Um dos melhores livros sobre marketing que li foi Surfando as ondas do mercado, de Raimar Richers, professor-fundador da FGV, que tinha uma tese matadora: as relações das empresas com os mercados são dialéticas. Elas não podem ser totalmente contrárias a eles e devem aproveitar aos máximo as macro e microtendências naturais da economia. Mas, assim como os surfistas exímios, as empresas podem surfar com destreza nessas ondas do mercado e criar circunstâncias, até no contrafluxo, que lhes sejam favoráveis. Tenho pensado bastante nisso ao analisar o momento atual do mercado publicitário, seus últimos e possíveis próximos desdobramentos, principalmente em relação aos meios de comunicação e seus veículos.
O que me fez lembrar de uma tese, que escrevi junto com Fernando Leite, no início dos anos 1980: a evolução da publicidade é determinada pela tecnologia utilizada, estrutura disponível e atuação comercial dos veículos, cabendo aos anunciantes e agências aproveitarem ao máximo suas possibilidades. Isso vem desde 1700 e poucos, quando os jornais da Fleet Street, em Londres, lançaram as raízes da dimensão industrial da publicidade.
300 anos depois ela está no auge da revolução motivada pelo digital, que vem transformando de forma profunda o resultado de mais de um século de imensa expansão econômica da área – pois, só nos Estados Unidos, passou de cerca de US$ 1,5 bilhão ao ano no início dos anos 1900 para perto de US$ 250 bilhões na entrada do século 21. O grande fluxo dominante atual tem sido o digital, que não apenas literalmente criou um novo meio como abalou severamente dois outros, tradicionais, o jornal e a revista, e incomodou os demais, inclusive o mais poderoso e utilizado de todos, a TV.

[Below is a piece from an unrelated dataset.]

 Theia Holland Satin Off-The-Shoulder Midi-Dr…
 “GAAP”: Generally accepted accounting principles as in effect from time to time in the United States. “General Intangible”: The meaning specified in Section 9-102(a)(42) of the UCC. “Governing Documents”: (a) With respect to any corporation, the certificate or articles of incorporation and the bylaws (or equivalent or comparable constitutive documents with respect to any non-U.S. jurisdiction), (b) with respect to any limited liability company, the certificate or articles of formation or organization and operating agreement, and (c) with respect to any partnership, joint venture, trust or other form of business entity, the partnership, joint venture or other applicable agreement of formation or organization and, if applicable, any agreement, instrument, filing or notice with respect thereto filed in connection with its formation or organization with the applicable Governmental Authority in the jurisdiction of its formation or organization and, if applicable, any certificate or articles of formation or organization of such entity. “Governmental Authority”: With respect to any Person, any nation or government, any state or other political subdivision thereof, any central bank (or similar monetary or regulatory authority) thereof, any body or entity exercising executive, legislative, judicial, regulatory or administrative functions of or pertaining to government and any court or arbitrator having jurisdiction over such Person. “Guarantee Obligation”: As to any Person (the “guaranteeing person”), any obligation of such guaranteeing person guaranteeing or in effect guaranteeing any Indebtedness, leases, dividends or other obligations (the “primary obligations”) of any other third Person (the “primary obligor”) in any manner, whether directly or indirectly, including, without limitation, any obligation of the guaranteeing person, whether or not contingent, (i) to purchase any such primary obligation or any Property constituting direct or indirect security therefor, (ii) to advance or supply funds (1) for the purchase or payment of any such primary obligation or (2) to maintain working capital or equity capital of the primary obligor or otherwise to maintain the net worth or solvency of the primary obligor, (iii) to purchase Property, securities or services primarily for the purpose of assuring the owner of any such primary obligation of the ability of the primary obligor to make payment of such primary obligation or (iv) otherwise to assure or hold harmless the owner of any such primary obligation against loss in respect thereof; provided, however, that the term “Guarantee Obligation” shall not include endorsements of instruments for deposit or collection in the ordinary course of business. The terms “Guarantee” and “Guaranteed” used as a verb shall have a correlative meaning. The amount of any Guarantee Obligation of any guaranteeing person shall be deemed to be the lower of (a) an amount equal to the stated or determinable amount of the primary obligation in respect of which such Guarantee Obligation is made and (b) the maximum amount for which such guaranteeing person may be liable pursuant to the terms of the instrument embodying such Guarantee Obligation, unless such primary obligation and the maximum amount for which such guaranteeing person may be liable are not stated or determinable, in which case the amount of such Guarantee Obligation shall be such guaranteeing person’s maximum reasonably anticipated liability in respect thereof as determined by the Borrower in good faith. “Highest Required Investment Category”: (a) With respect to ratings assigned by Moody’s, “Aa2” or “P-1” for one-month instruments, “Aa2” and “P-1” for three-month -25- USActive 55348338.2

Mas, apesar de seu domínio econômico, o digital ainda é um pós-adolescente desengonçado, cheio de problemas e oportunidades, entrando em sua fase de amadurecimento.

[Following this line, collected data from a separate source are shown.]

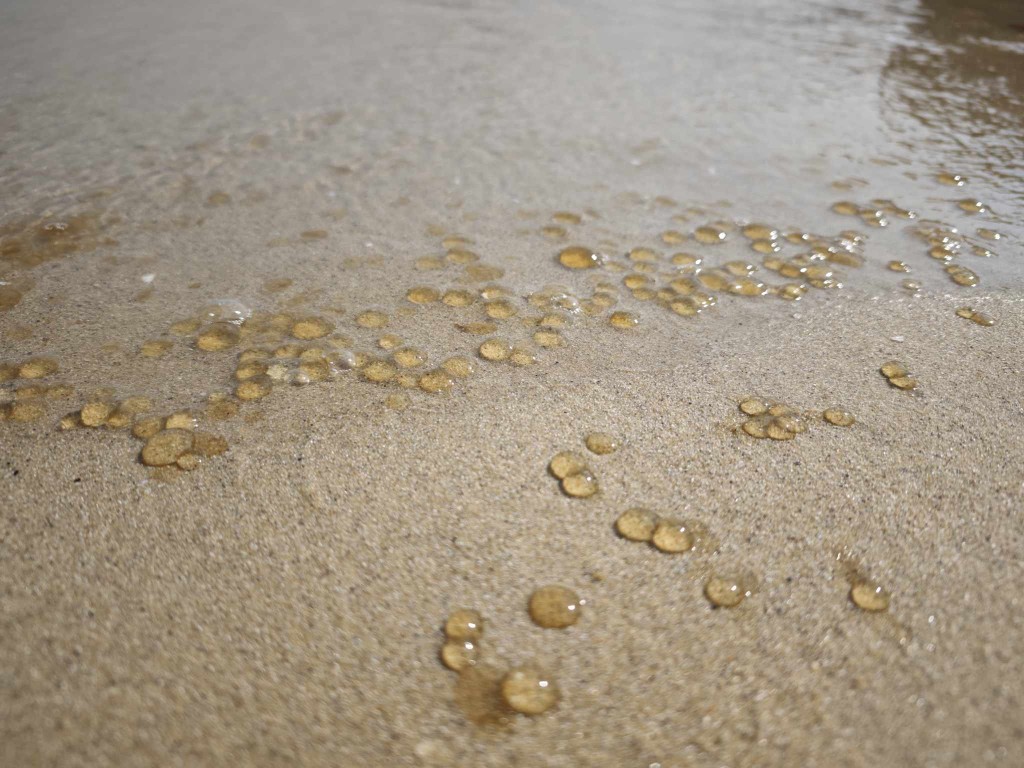 不少网民大胆估计,猜测这些透明“水珠”是“油污”、“好奇想知.如果是油污,沙不会吸油吗?”、“水母”、“水母B B?”、“金钱水母?”、“贝壳类既卵”、“螺嘅卵?”,甚至是“Omega-3(脂肪酸)”。
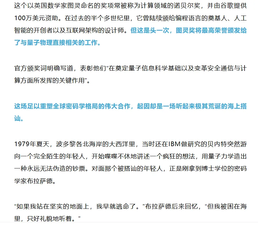 谁也没有想到,就是这两个泡在海水里的陌生人,用一次无处可逃的倾听开启了长达四十年的合作,硬生生催生出了今天被称为量子信息科学的整个学科。
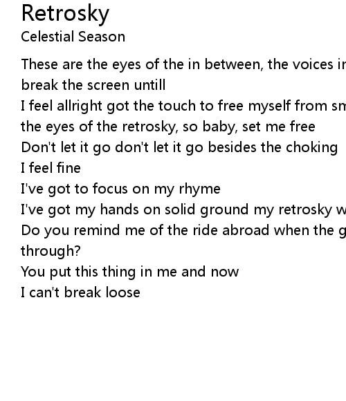 I feel allright got the touch to free myself from smoke in my belief these are the eyes of the retrosky, so baby, set me free |
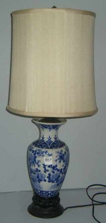 Blue & white oriental style lamp with flowers Blue & white oriental style lamp with flowers
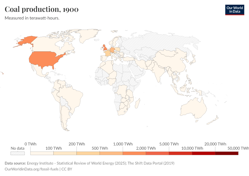 • The data is generated by combining the latest data from the Energy Institute Statistical Review of World Energy and The Shift Dataportal. The Energy Institute provides fossil fuel production data from 1965 onwards (and crude prices from 1861 onwards). The Shift Dataportal provides long-term data from 1900, but only extends to 2016. To maintain consistency with other energy data, we prioritize the Energy Institute data - meaning if they provide data for the given country and year, this data is used. Where data is not available from the Energy Institute for a given country, or pre-1965 we rely on data from The Shift Dataportal.
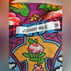 Johnny Was silk top Rose Spark Seline Boho Long Sleeve Blouse medium euc
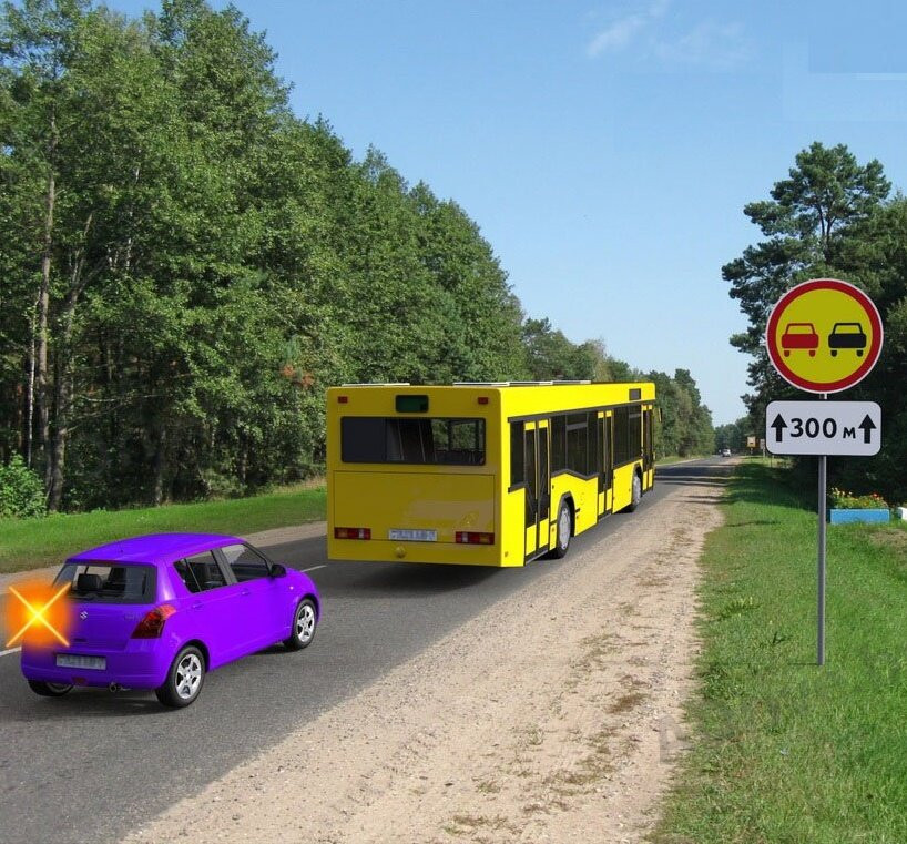 Табличка ниже уточняет, что действие запрещено на протяжении 300 метров. Автобус уже находится в этой зоне. Ответ очевиден: обгон выполнить нельзя.
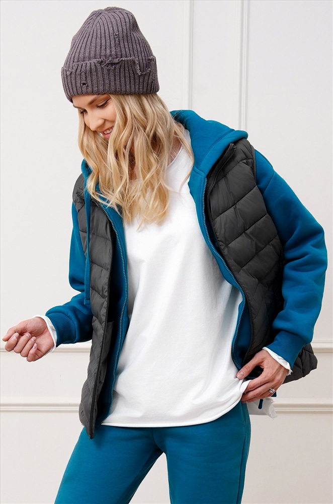 Встречай эту осень стильно! Женская утеплённая жилетка на молнии от Happyfox — это тот самый штрих, который добавит твоему образу лёгкости и уверенности. Темно-серая стёганая безрукавка подчёркивает силуэт, выглядит актуально и при этом дарит ощущение тепла и уюта.

O modelo econômico do digital não fez bem até para a maioria de seus players, tendo privilegiado alguns poucos e deixando um rastro de fracassos entre os próprios pares. Até pouco tempo não havia nem mesmo abalado a TV, até hoje o meio mais eficiente e mais eficaz da publicidade, que está perdendo seu rumo só agora, desde que em 2017 o digital lhe tomou o bastão de líder do mercado.

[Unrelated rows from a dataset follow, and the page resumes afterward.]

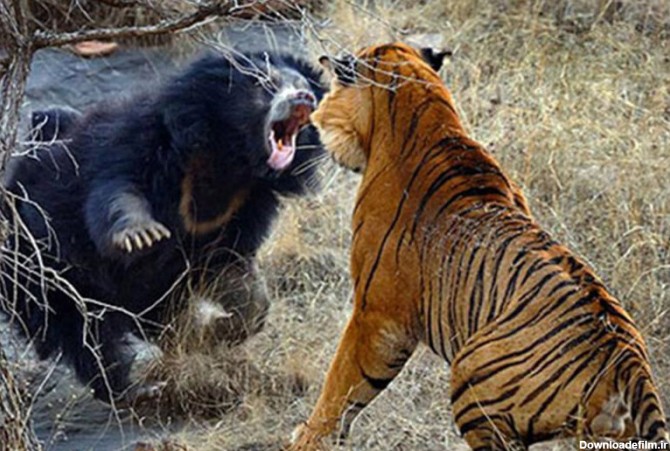 ویدئویی به تازگی منتشر شده است که مبارزه جانانه یک خرس سیاه را با یک ببر به تصویر میکشد. منبع: خبرگزاری دانشجو
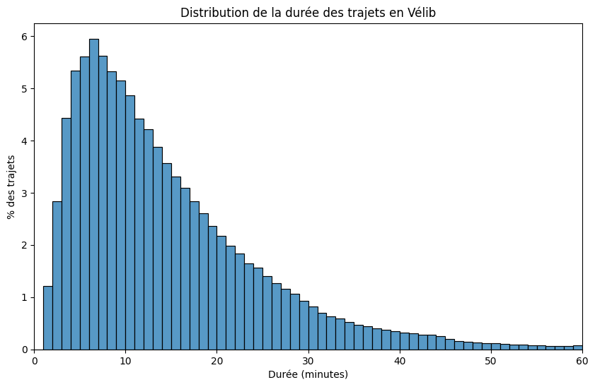 Cela exclut les trajets « boomerang » ainsi que les trajets trop courts ou long pour être représentatifs de l’usage réel de Vélib.
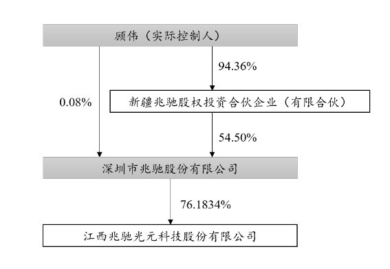 截至本預案出具日,兆馳股份持有兆馳光元76.1834%的股份,股權結構圖如下:
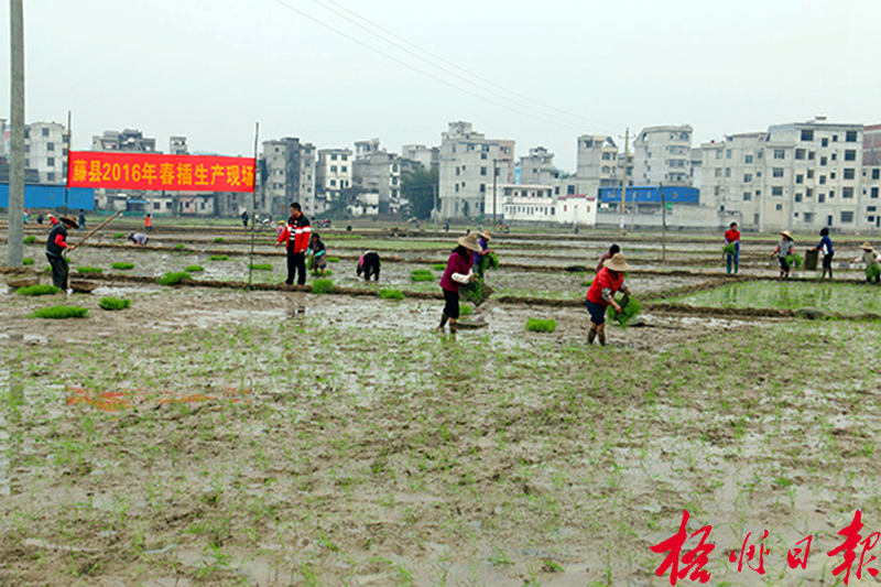 4月6日,在藤縣金雞鎮旺國村旺國垌組,村民正拋插秧苗。
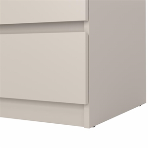 Naia kommoden er fremstillet i spånplade med folie, hvilket giver en solid konstruktion og en overflade, der er nem at vedligeholde. Det grebsfri design understøtter kommodens rene linjer og bidrager til et roligt og moderne helhedsindtryk.

Quanto aos demais, os que souberam enfrentar a onda com mais sabedoria e inclusive aproveitar os recursos digitais para modernizar sua tecnologia e estrutura, bem como ajustar seu modelo comercial, safaram-se melhor.
Vamos aos números: o jornal foi o grande perdedor, saindo de uma receita global de US$ 107,35 bilhões em 2000 para US$ 44,05 bi em 2018 (-59%) e com tendência de cair nos próximos dois anos; a revista saiu, nesse período, de US$ 47,46 bi para US$ 26,22 bi (-45%); o rádio, que soube se imiscuir no mundo digital, cresceu 13%, de US$ 30,38 bi para US$ 34,20 bi; a TV cresceu 61%, passando de US$ 116,33 bi para US$ 187,48 bi e apresenta uma tendência de perda (mas que ainda pode não acontecer, se ela souber aproveitar o contrafluxo, que parece se formar – tema para a segunda parte desta série).
Quem soube surfar bem e incorporar de forma eficaz o digital foi o OOH, que cresceu 98% entre 2000 e 2018, passando de US$ 18,99 bi para US$ 37,66 bi e ainda com tendência de alta. E o cinema, que também surfou legal, pulou 398%, de US$ 0,87 bi para US$ 4,34 bi, e tem previsão de crescer 12% em 2020, empatando ou até superando o digital, que registrou um salto quântico de 2.774% no período, passando de US$ 7,90 bi para US$ 227,09 bilhões, mas que parece estar reduzindo seu empuxo de subida e deve vir a sofrer o contrafluxo nos próximos anos.